Does it look like I’m getting some sort of kickback or special treatment in exchange? How will that appear to my client?

(But you will of course always get some people who will ask, “What’s in it for me?”)

Being good at what you do is only just the beginning!

Simply put, the two main reasons why people don’t give referrals are:

  1. Their reputation is on the line
  2. They don’t know how you’re going to handle the referral.

To understand how to get more referrals, you have to understand human behaviour:

People give professional-service referrals for intrinsic reasons, not usually monetary gain.

Three Steps for Getting More and Better-Quality Referrals

1: You have to ASK!

Most clients won’t decide to send work your way on their own and you’re not going to lose clients by asking for referrals.

2: Ask the right way

Ask for referrals when you’re praised. This is an underused opportunity!

Ask in person or over the phone.phone call

Try to avoid email.

Ask with confidence! You’re not begging for business, you’re looking for people who need help in your area of expertise

Position the request the right way:

“Most of my business comes from referrals…” “A great part of my business comes from referrals…” “My business depends on referrals…”

Suggest specific categories, industries or situations where you can provide value.

Find creative opportunities to add value before asking for the referral.

3: Create a referral expectation from the start

Set up an expectation: “I want to add value to you and your business. I hope I gain enough of your trust that you refer me to others.”

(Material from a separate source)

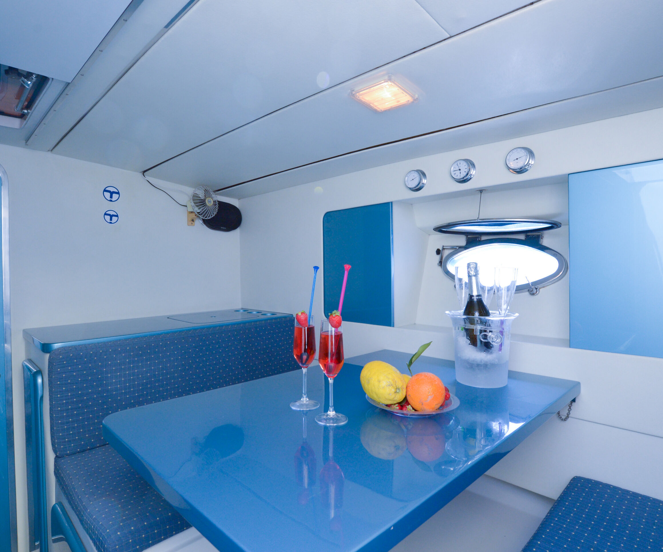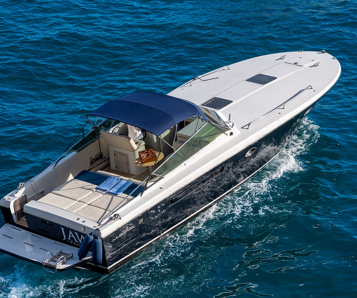 The “Jaw S”, is provided of a private cabin with bed and bathroom, a padded front to enjoy the sun and couches on the back with lunch table, shower and ladded.
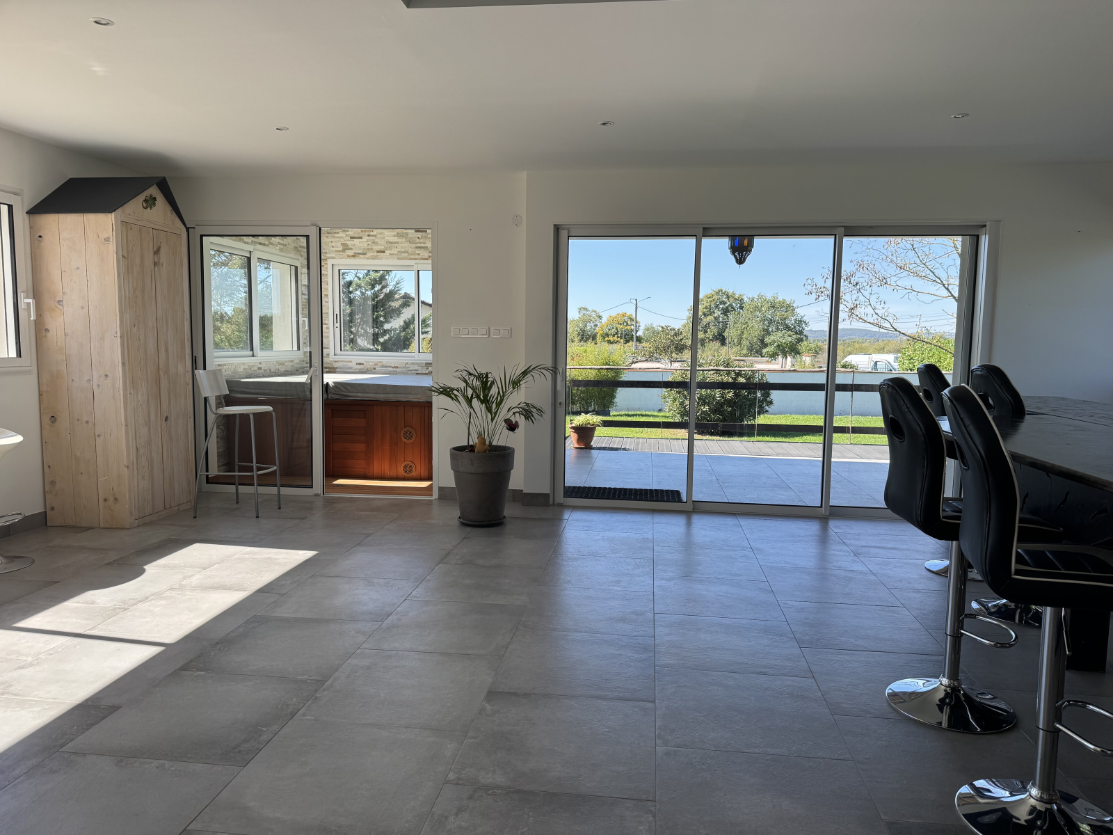 L’intérieur offre une pièce de vie spacieuse et lumineuse avec une cuisine entièrement équipée ouverte sur le séjour, idéal pour partager des moments conviviaux en famille ou entre amis.

One way to communicate this:

“Most of my business comes via referrals. That’s because I deliver excellent work every time, on time, etc. Many of my clients refer me to others. I want you to know that once we’ve worked together for a while and if you are a raving fan, I’ll ask you for a referral”

Referrals come in different forms. If someone merely provides you a name and email address, that’s a low-grade referral. But if a customer actively talks up your product or service, sets up a meeting or brings the prospect in the door, that’s an A grade referral. And as we all know they are the best!

You have to learn to ask for referrals, and make sure employees are on board as well. Most customers are open to being asked for referrals. Some even appreciate the opportunity to tell friends, family and associates about something good they’ve discovered. Make it easy for them to refer you, even a simple help like give them some of your business cards or a link to your website.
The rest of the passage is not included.